The chemical hardness (η) of N-methyl-C-4-methylphenyl-nitrone 1 (η = 4.16 eV) is lower than that of 2-propynamide 2 (η = 6.30 eV). Thus, the TAC N-methyl-C-4-methylphenyl-nitrone 1 is softer and more prone to electron density deformation compared with 2-propynamide 2.
The chemical hardness index (η) and electrophilicity index (ω) are indicators of a molecule’s ability to either receive or donate electrons, respectively. Conversely, the nucleophilicity index (N) indicates a molecule’s electron-donating capacity. A higher value of N implies a stronger ability to donate electrons, while a lower value of ω indicates a stronger ability to accept electrons. In the studied reaction, the higher nucleophilicity of N-methyl-C-4-methylphenyl-nitrone 1 compared with 2-propynamide 2 suggests that the former is more likely to act as a nucleophile and donate electrons. This implies that the reaction may proceed through a nucleophilic addition mechanism, where the nucleophile attacks the electrophilic site of the other reactant.
Overall, the CDFT indices are a valuable source of information regarding the electronic properties and reactivity of these reactants. This information can be utilized to predict the reaction mechanism and kinetics with precision.

2.3. Analysis of the Potential Energy Surface along the Feasible Regioisomeric Pathways

The 32CA reaction of N-methyl-C-4-methylphenyl-nitrone 1 and 2-propynamide 2 can proceed through two regioisomeric routes, ortho and meta, depending on the attack of the nitrone oxygen on the C4 and C5 carbons of 2-propynamide 2 (Scheme 1). By locating the stationary points along the PES of these two reaction pathways, it was possible to determine the position of the reagents N-methyl-C-4-methylphenyl-nitrone 1 and 2-propynamide 2; the TSs (TS1-en, TS1-ex, TS2-en, and TS2-ex); and products 3, 4, 5, and 6. The energy profile study revealed several key findings:
(i)
The 32CA reaction of N-methyl-C-4-methylphenyl-nitrone 1 and 2-propynamide 2 shows negative reaction free energies from −45.96 to −79.36 kJ mol−1, including zero-point energy (ZPE) (see Supplementary Materials file), suggesting thermodynamic control and, hence, irreversibility.
(ii)
The ΔE of TS2-en is lower than that of TS1-en by 5.86, 6.07, 6.26, 7.14, and 6.9, in the gas phase, toluene, benzene, THF, and dichloromethane, respectively, suggesting exclusive TS2-en selectivity, in complete agreement with the experimental findings [38].
(iii)
TS1-en has an activation enthalpy of 80.52 kJ mol−1 in the gas phase, which increases to 90.12 kJ mol−1 in toluene, 87.50 kJ mol−1 in benzene, 94.29 kJ mol−1 in THF, and 94.82 kJ mol−1 in dichloroethane. This indicates an increase of 14.3 kJ mol−1 from the gas phase to dichloromethane, making the reaction energetically feasible in low-polarity solvents.
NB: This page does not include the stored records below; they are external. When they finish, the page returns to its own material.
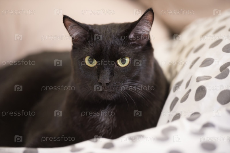 Ленивый большой черный кот лежит на кровати
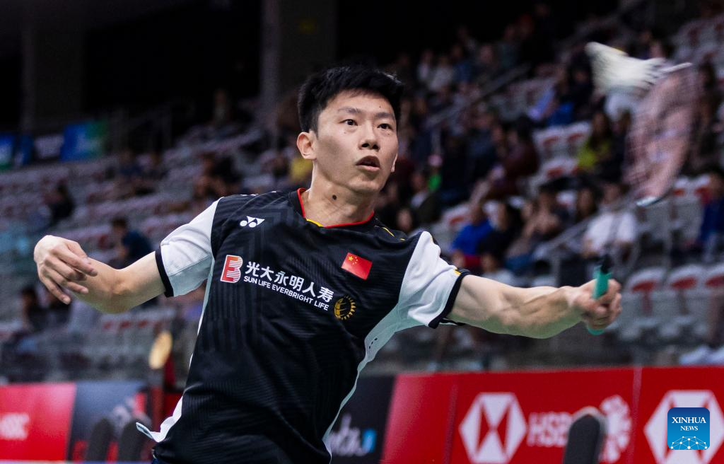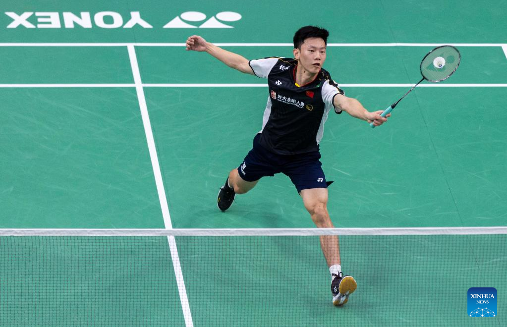 Lei Lanxi of China returns a shot during the second round of men's singles qualification match against Kashyap Parupalli of India at the 2023 Canada Open badminton tournament in Calgary, Canada, on July 4, 2023. (Photo by Zou Zheng/Xinhua)
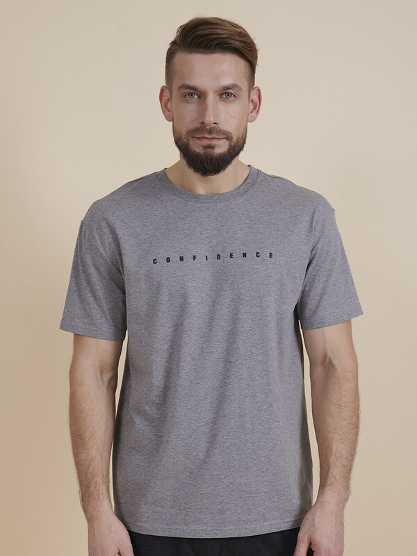 Мужская футболка оверсайз с принтом. Футболка свободного кроя подарит вам комфорт и свободу движения. Джемпер такого силуэта скрывает недостатки фигуры и подчёркивает достоинства. Майка с комфортными свободными рукавами идеальна для повседневной носки. Модель неприхотлива в уходе. Трикотажная футболка по переду украшена стильным лаконичным принтом с объёмными буквами, надпись переводится: "Уверенность". Принт качественный и стойкий — без проблем переносит многочисленные стирки. В составе ткани 100% хлопка — футболка мягкая, приятная на ощупь и позволяет коже дышать. Модель представлена в трёх цветах: серая футболка, белая, тёмно-синяя. Размерная линейка: M (46-176); M (46-188); L (48-176); L (48-188); XL (50-176); XL (50-188); XXL (52-176); XXL (52-188); 3XL (54-188). Майка идеальна для мужчин, молодых парней, подростков. Базовая футболка оверсайз универсальна, отлично подходит для работы, учёбы, спорта, прогулок, отдыха, а также для дома и сна. Легко сочетается с различными брюками и шортами. Её можно носить летом, зимой и в демисезон (осенью и весной). Футболка с принтом оверсайз — это прекрасный подарок брату, мужу или папе на любой праздник. Выбирайте нужный размер по таблице размеров на фото. Цвет товара на экране вашего устройства может отличаться от цвета изделия вживую.
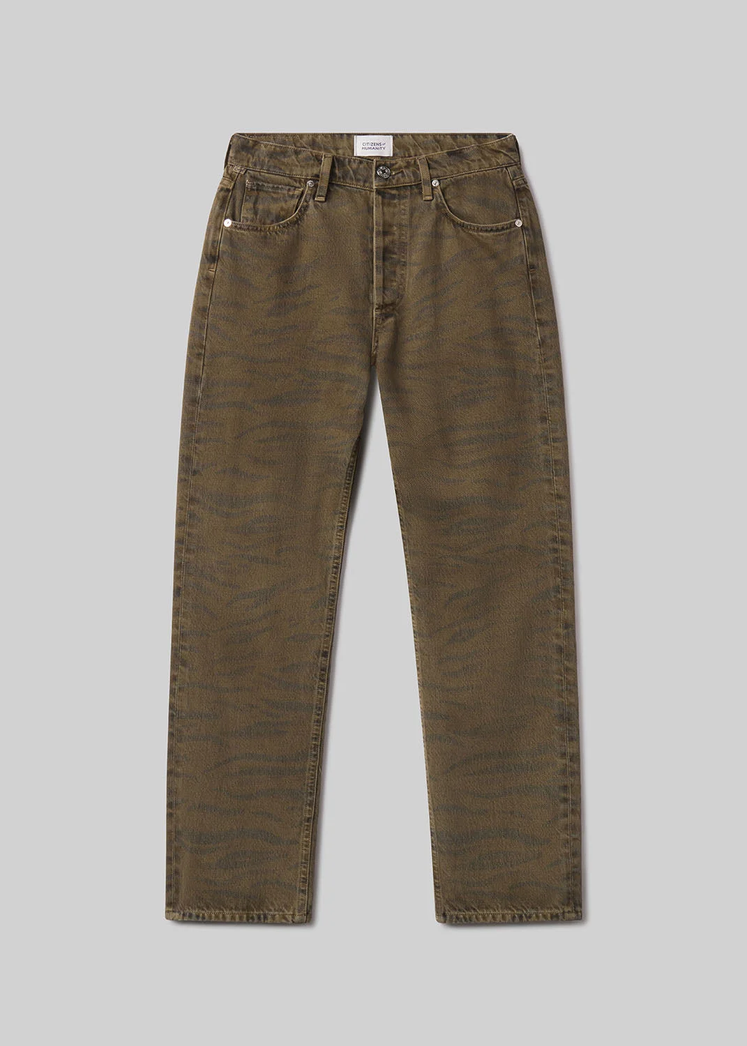 The ‘Blaine’ is a high-rise, vintage-inspired straight leg with an ankle-length inseam and effortless structure. The ‘Medina’ wash is rich brown with zebra print, crafted from non-stretch denim that’s washed down for a lightweight, ultra-soft feel. Style with relaxed tailoring or a slim knit for an elevated, everyday look. This fit is true to size. Looks Like: Brown denim pant with zebra print Feels Like: Non-stretch, weightless denim washed down for a super soft feel From our HUMANITY Collection DETAILS Closure: Button Fly Rise: 11 1/4" Inseam: 29 1/2" Leg Opening: 15 1/4" Model is 5'10" and wearing a size 27 Fabric Content: 100% Cotton Care Instructions: Machine wash cold inside out with like colors. Do not bleach. Tumble dry low. Made in USA with imported materials 2197B-1248PR_OLVZB

To determine the polar character, the GEDT was calculated at the TSs and is shown in Table 3. The located TSs exhibit minimal GEDT from 0.003 to 0.134 e, which is characteristic of forward electron density flux (FEDF). This suggests a partial polar character for the 32CA reaction [39].
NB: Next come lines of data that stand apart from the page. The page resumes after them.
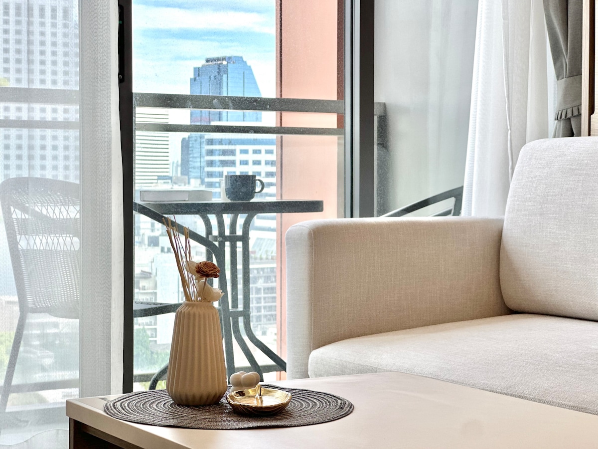 Edge Sukhumvit 23-ün 27-ci mərtəbəsindəki rahat yüksək mərtəbəli mənzilimizə xoş gəlmisiniz. Bu, BTS Asok və MRT Sukhumvit-dən sadəcə addımlardır. Qonaq otağı tam hündürlüklü pəncərələri ilə işıqlıdır, loft üslublu yataq otağı isə sizə həm üstdə yataq yeri, həm də əlavə çarpayısı olan alt-üst iş sahəsi verir. Hər şeydən əvvəl, hovuz və idman zalı eyni mərtəbədədir və qonaqlamanız zamanı rahatlamağı və aktiv qalmağı asanlaşdırır.
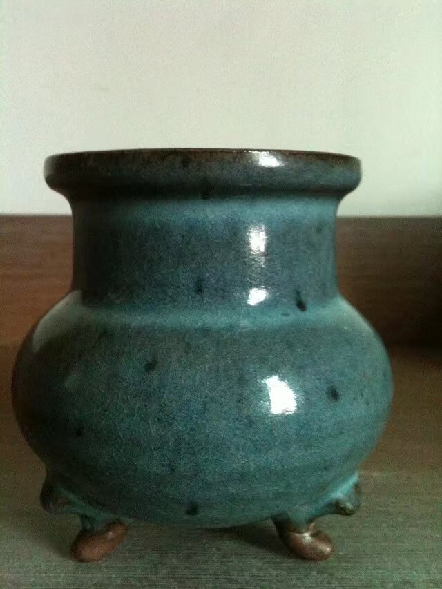 钧瓷之妙,在于入窑一色,出窑万彩。这尊三足炉承袭宋元钧窑正宗技艺,釉色纯净典雅,局部飘红,正所谓“钧瓷飘红,万世不穷”,无刻意雕琢,尽得自然天成之趣。炉型源自上古礼器,端庄肃穆,既可焚香静心, 又可陈设镇宅,是宋代文人审美与民间匠艺的完美融合,承载着宋元社会的生活气息与文化信仰。
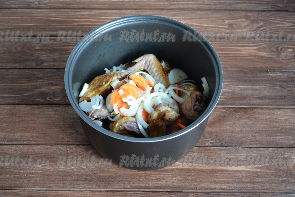 Выкладываем обжаренные кусочки курицы в чашу мультиварки, сверху добавляем лук, морковь и измельченные зубчики чеснока.

The geometries of TS1-en, TS1-ex, TS2-en, and TS2-ex in the gas phase are illustrated in Figure 3. The distance between the interacting centers of C5 and O1 at TS1-en is greater than between C3 and C4 by 0.023 Å, and at TS1-ex, the difference is 0.013 Å. In TS2-en, the distance between C3 and C4 is larger than between C5 and O1 by 0.451 Å, whereas in TS2-ex, the difference is 0.524 Å. This suggests higher synchronicity in TS2-en and TS2-ex relative to TS1-en and TS2-ex.
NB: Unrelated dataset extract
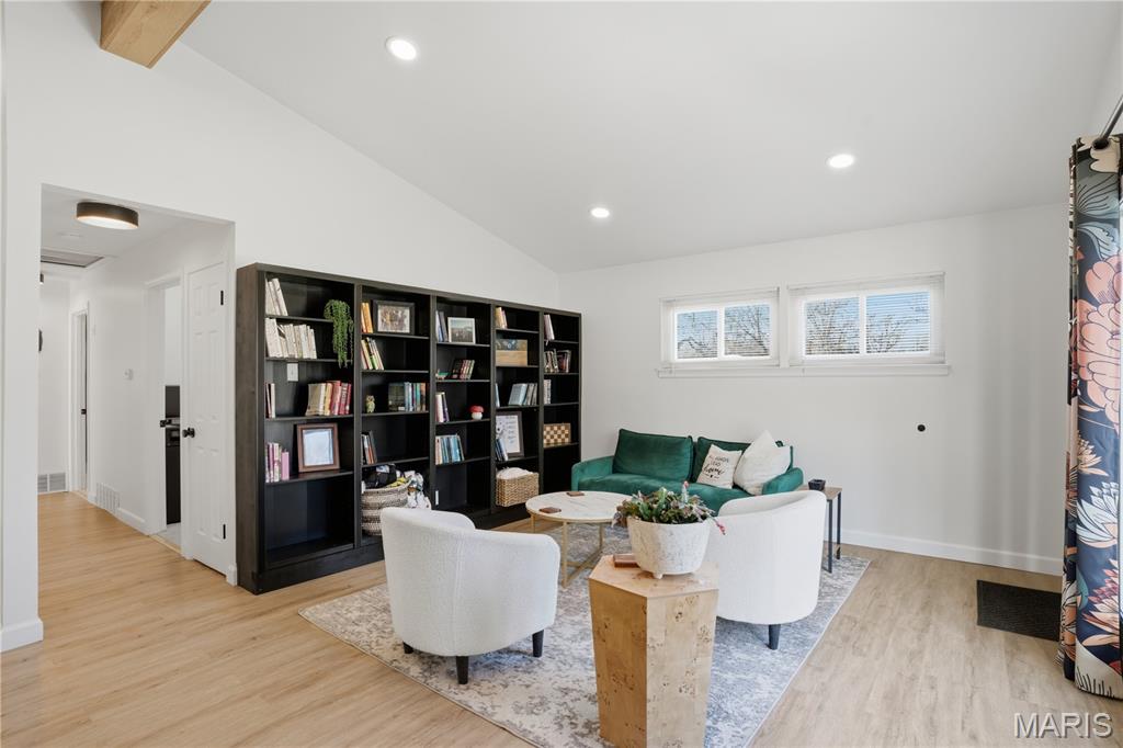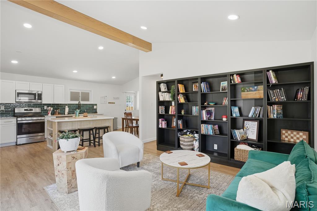 Beautifully renovated ranch in Lindbergh school district now available! Great location near I-44 and Big Bend, you will love this open concept modern home! Walk into the light filled living room with huge front window and high vaulted ceilings with wood beam and recessed lighting. Living room opens to gorgeous kitchen featuring huge island, quartz counters, subway tile backsplash and stainless appliances including refrigerator and gas range. 3 bedrooms on the main level and updated bathroom, the largest bedroom with painted brick accent wall adding to the overall character of this amazing home. Finished lower level offers huge rec room with plenty of space to relax or entertain. More outstanding features include luxury vinyl plank floors, large storage room in basement, double width driveway, fenced yard, carport with side entrance to kitchen and oversized patio perfect for entertaining. This is one you don’t want to miss!
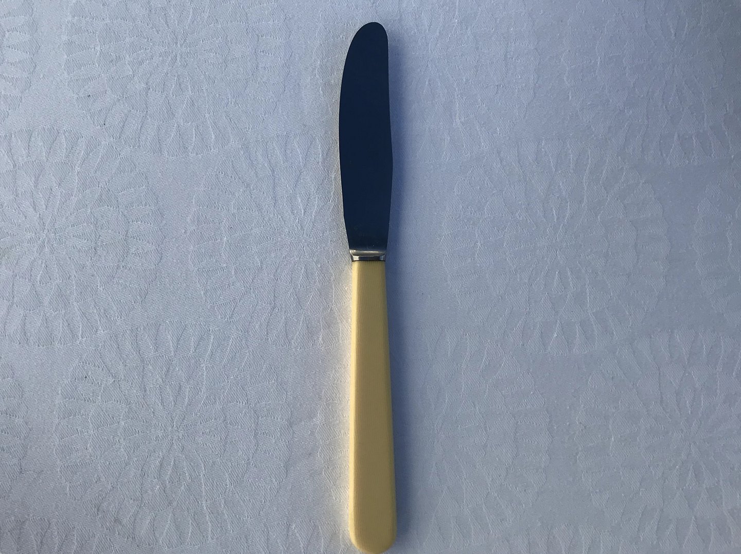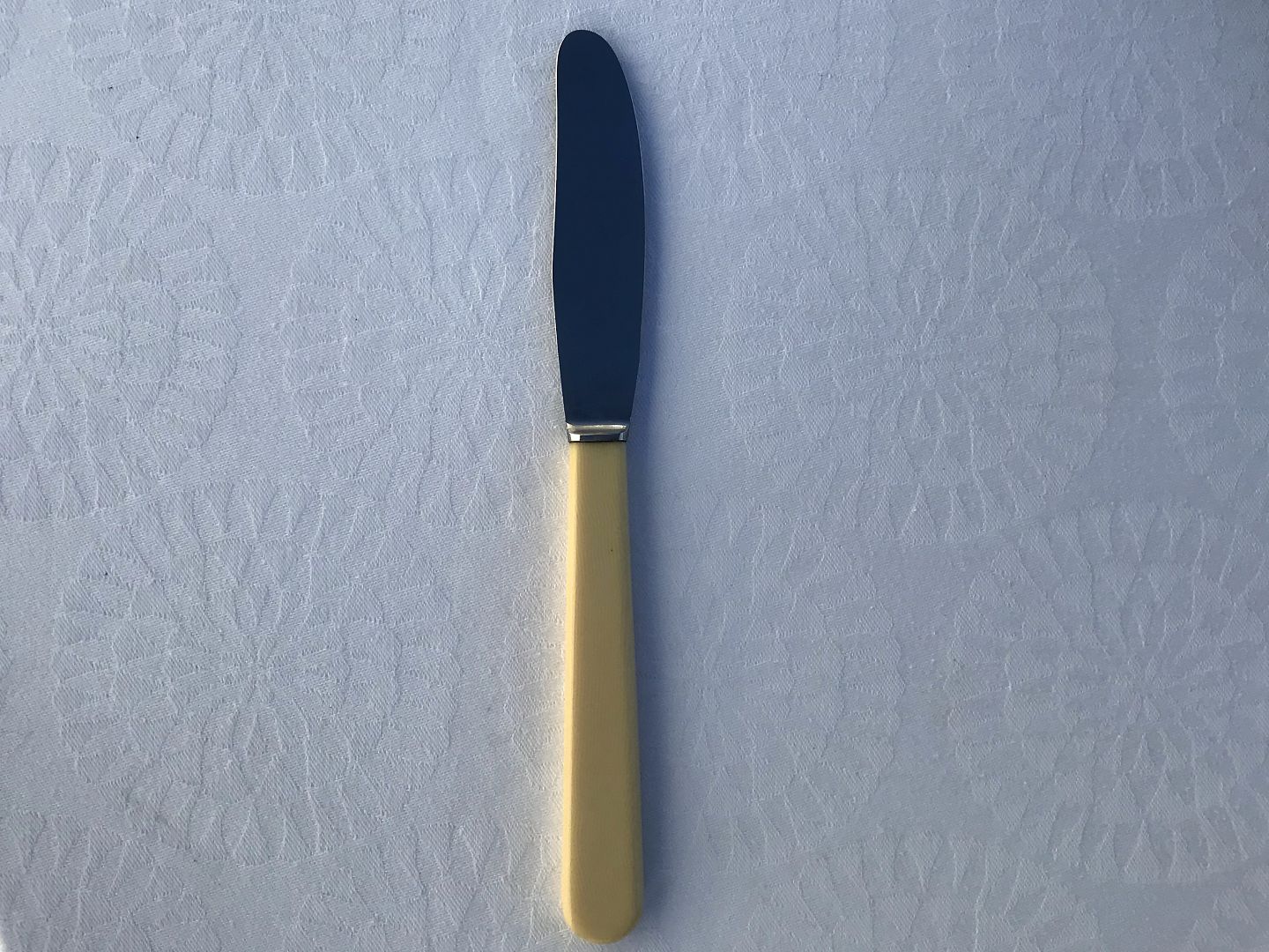 Middagskniv, Raadvad, Med hvidt Kunststofskaft, 20,8cm lang *Pæn stand*

When solvent effects such as toluene are considered, the distance between the interacting centers of C3 and C4 undergoes minor changes, ranging between 2.131 and 2.105 Å in TS1-en, 2.133 and 2.106 Å in TS1-ex, 2.335 and 2.457 Å in TS2-en, and 2.384 and 2.448 Å in TS2-ex, while the distance between the interacting centers of C5 and O1 ranges between 2.154 and 2.122 Å in TS1-en, 2.146 and 2.127 Å in TS1-ex, 1.884 and 1.789 Å in TS2-en, and 1.860 and 1.800 Å in TS2-ex.

2.4. Topological Analysis of the ELF at the TSs

The topological analysis of the ELF at the TSs allows for the evaluation of their electronic structure and the extent of the process of bond formation. Figure 4 illustrates how the ELF localization domains and basin attractor locations at the gas-phase TSs are related to the 32CA reaction.
The ortho-TSs, TS1-en and TS1-ex, show the presence of the V(O1) and V′(O1) monosynaptic basins, integrating a total population of 5.81e and 5.79 e, respectively. The meta-TSs, TS2-en and TS2-ex, show the presence of V(O1) and V′(O1), integrating 5.72 e and 5.72 e, respectively, and are connected to the density of non-bonding electrons at the O1 oxygen.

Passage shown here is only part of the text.